▶ _PROVIDED MATERIAL_:
----

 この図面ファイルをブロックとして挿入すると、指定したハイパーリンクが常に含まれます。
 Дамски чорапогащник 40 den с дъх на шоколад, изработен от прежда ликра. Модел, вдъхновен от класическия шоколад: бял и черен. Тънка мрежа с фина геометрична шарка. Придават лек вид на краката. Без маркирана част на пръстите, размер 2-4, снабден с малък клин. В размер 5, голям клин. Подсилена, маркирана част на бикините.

----

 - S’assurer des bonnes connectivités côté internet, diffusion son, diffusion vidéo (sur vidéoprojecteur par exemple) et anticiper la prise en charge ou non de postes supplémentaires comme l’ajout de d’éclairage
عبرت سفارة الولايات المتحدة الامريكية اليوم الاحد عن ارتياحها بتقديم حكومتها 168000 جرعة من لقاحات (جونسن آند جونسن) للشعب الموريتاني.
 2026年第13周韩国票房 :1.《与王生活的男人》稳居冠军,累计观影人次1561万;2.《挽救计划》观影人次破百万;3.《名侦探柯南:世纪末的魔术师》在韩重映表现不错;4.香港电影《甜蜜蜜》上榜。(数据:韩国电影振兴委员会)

----

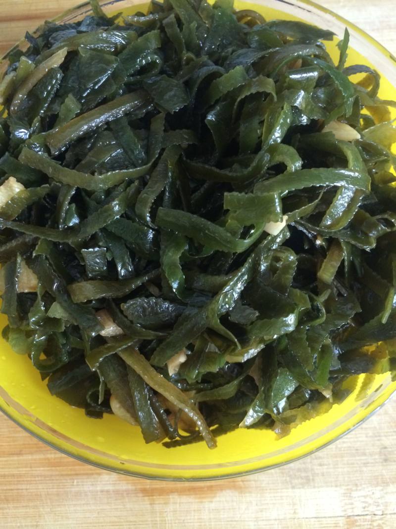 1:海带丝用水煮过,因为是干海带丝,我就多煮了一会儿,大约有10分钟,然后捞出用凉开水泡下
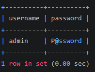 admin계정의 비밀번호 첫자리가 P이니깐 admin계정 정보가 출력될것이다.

----

▶ _THE PROBLEM_: Using the listing above, copy exactly the line that contains "この図面ファイルをブロックと", the line that contains "Дамски чорапогащник 40", and each line that falls between them.

▶ _RESPONSE FOR THIS EXERCISE_:
 この図面ファイルをブロックとして挿入すると、指定したハイパーリンクが常に含まれます。
 Дамски чорапогащник 40 den с дъх на шоколад, изработен от прежда ликра. Модел, вдъхновен от класическия шоколад: бял и черен. Тънка мрежа с фина геометрична шарка. Придават лек вид на краката. Без маркирана част на пръстите, размер 2-4, снабден с малък клин. В размер 5, голям клин. Подсилена, маркирана част на бикините.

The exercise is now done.